Exercise instructions: The lines to copy are those in the records below that hold the word "view".

Extracted data:
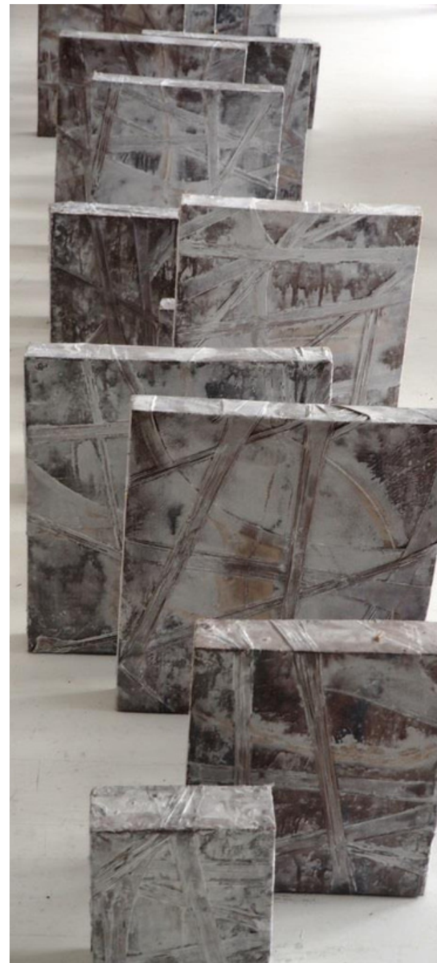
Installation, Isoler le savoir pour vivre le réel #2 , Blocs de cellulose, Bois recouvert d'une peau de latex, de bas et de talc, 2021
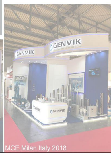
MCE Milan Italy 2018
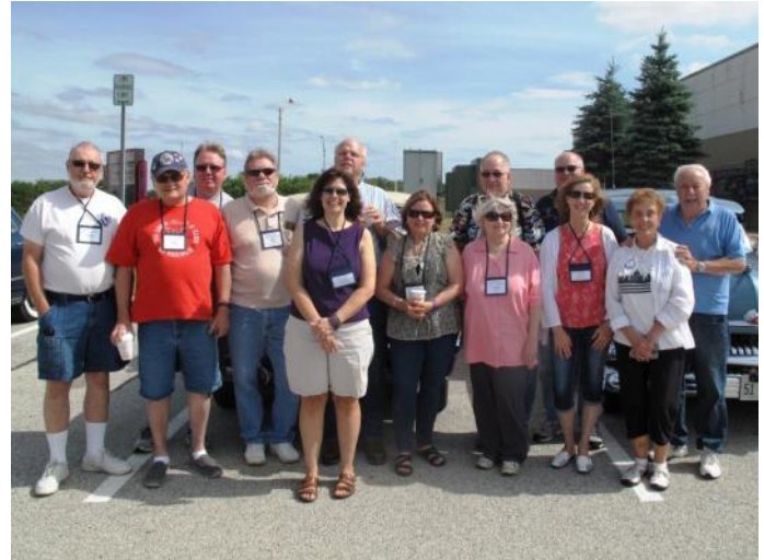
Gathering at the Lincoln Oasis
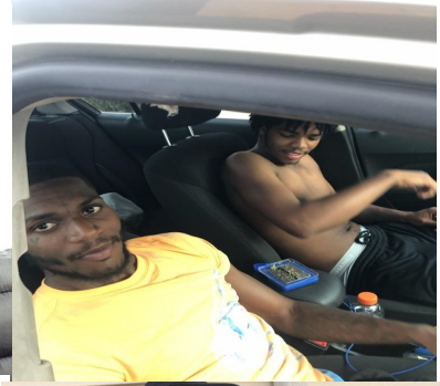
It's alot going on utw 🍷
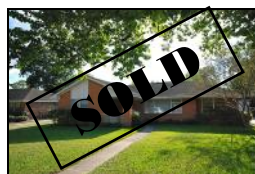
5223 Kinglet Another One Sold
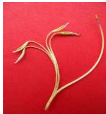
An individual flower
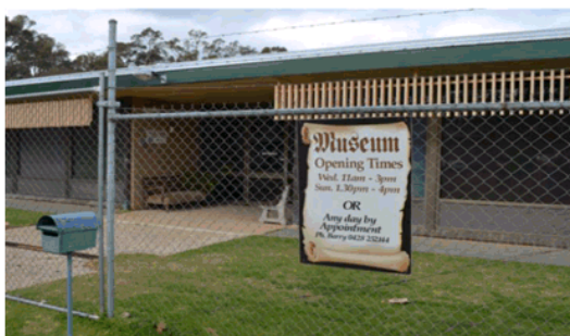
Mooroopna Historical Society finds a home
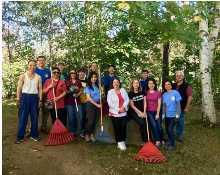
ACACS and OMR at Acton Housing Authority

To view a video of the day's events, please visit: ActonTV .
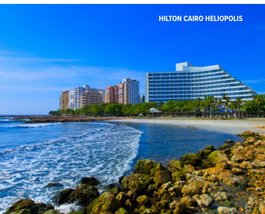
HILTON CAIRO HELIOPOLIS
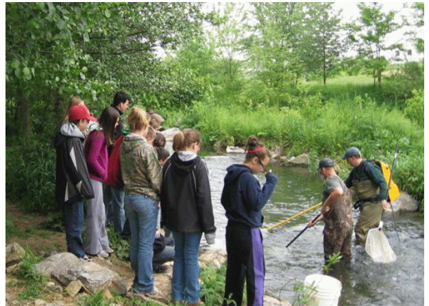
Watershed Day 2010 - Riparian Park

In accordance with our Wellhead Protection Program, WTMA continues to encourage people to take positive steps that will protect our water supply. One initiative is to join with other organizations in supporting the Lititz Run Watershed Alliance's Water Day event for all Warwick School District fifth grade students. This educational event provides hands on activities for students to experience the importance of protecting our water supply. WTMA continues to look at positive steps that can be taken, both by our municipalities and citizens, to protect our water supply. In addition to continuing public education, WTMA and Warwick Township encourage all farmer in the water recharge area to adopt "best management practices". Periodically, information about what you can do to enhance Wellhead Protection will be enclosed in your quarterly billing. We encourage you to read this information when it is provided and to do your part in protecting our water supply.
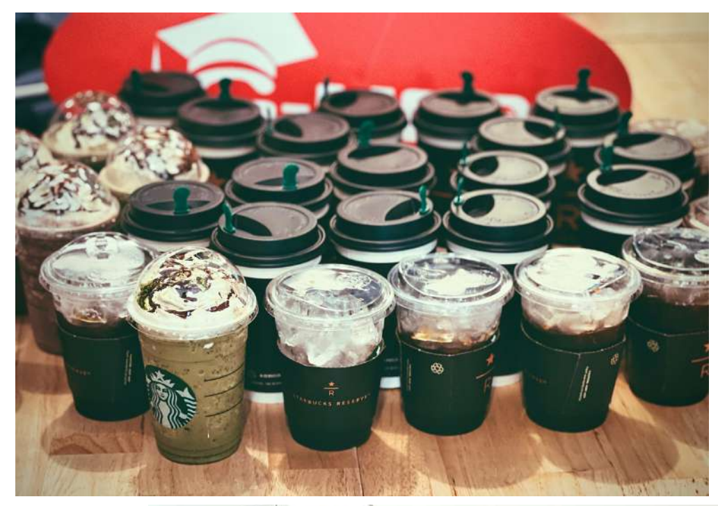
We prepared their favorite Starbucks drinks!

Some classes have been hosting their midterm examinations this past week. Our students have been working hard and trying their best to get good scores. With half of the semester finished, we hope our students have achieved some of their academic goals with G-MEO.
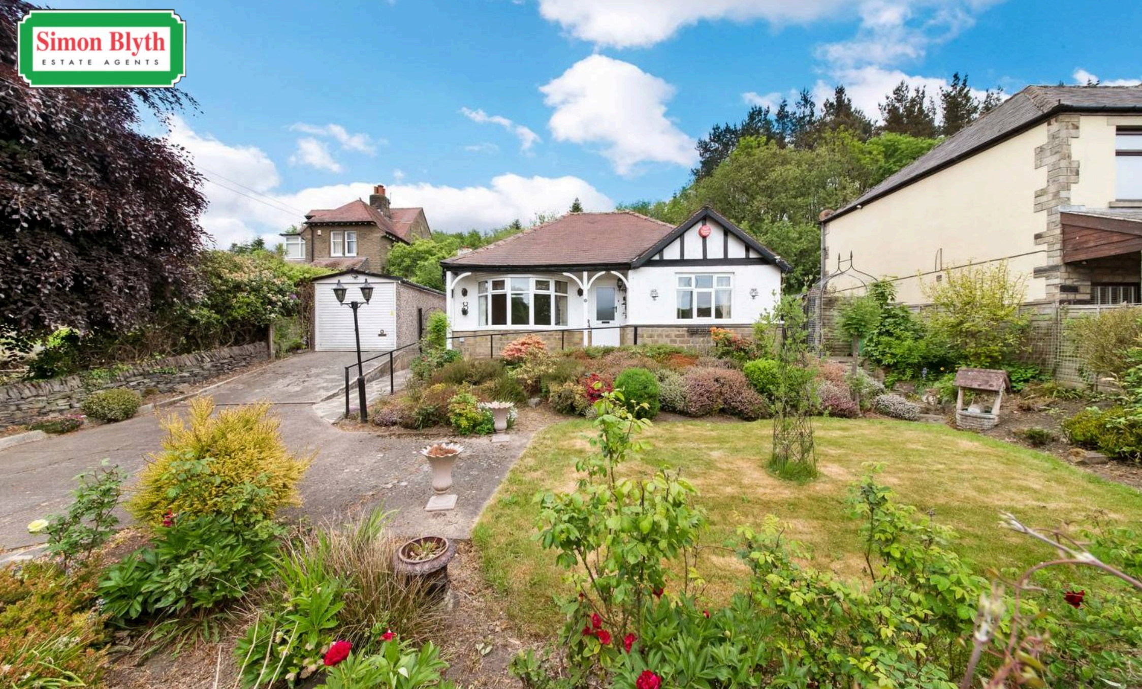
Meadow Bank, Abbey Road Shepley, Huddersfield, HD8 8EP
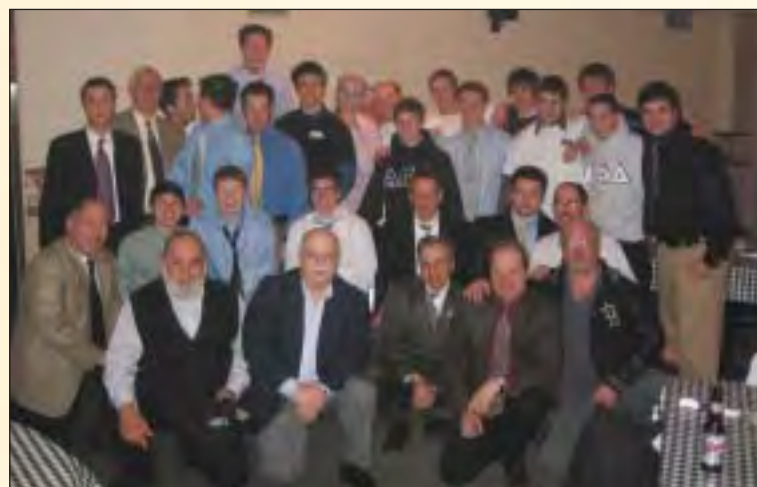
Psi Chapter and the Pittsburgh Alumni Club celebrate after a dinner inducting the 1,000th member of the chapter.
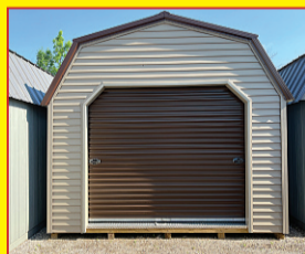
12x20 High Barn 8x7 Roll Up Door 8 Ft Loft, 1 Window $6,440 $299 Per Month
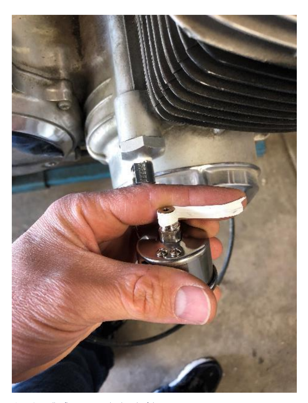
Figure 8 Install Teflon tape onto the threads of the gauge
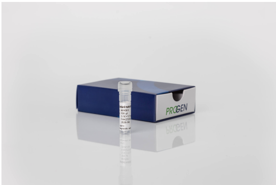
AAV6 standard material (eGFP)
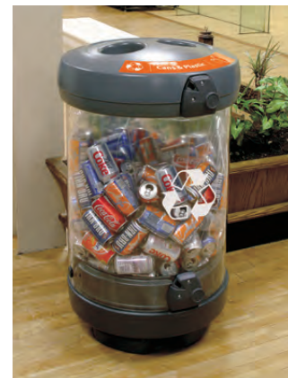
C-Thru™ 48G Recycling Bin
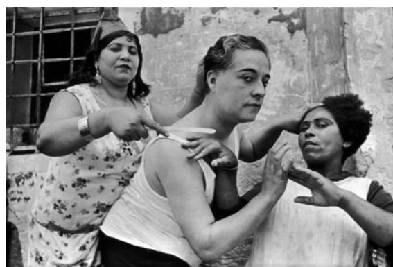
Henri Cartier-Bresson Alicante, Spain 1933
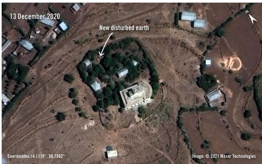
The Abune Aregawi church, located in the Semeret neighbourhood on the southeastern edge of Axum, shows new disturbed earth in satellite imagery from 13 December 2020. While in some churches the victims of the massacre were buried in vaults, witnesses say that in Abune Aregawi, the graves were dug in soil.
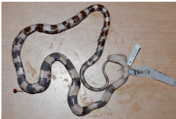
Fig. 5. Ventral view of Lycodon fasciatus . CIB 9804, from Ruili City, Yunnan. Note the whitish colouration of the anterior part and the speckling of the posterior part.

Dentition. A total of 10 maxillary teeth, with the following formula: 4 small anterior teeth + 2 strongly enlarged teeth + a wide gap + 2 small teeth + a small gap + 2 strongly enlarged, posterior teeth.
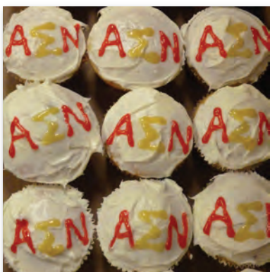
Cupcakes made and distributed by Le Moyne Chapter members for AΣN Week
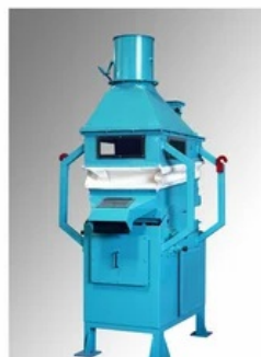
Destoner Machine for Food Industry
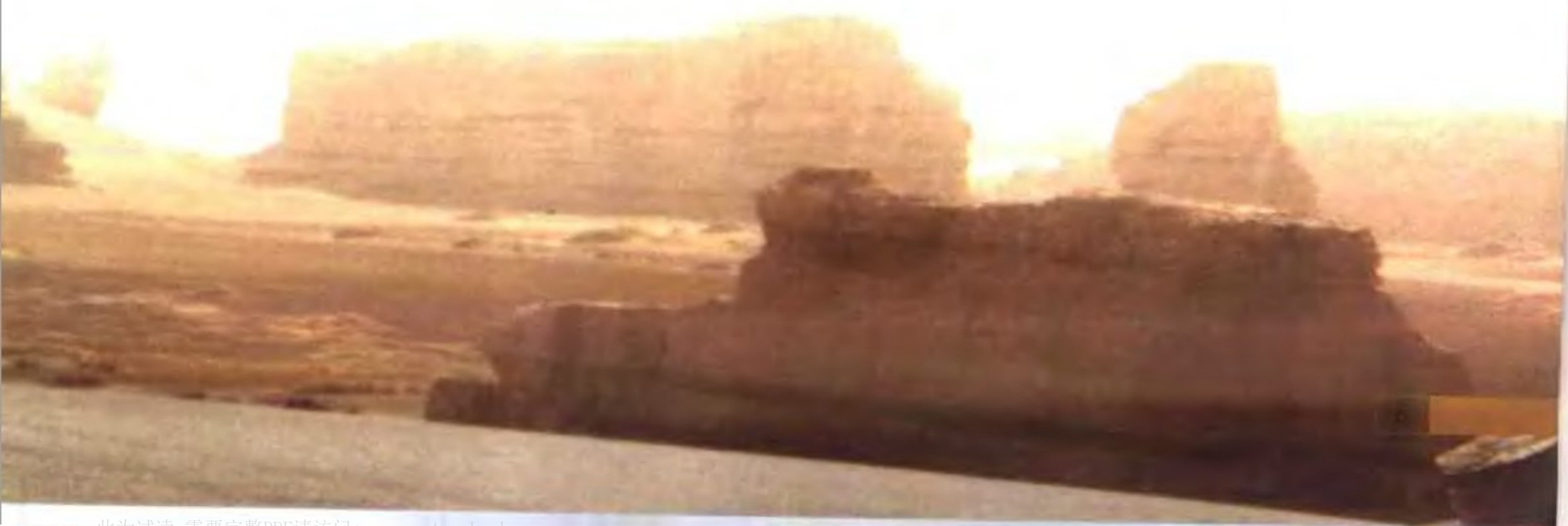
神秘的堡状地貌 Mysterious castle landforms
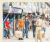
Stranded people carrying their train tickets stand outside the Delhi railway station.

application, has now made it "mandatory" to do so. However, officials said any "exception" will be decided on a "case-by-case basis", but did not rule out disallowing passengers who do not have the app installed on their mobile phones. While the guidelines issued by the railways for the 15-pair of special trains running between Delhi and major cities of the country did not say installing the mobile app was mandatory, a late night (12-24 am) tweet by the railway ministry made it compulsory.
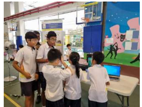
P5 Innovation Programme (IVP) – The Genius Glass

Problem solution:
To view a video of the day's events, please visit: ActonTV .
Fig. 5. Ventral view of Lycodon fasciatus . CIB 9804, from Ruili City, Yunnan. Note the whitish colouration of the anterior part and the speckling of the posterior part.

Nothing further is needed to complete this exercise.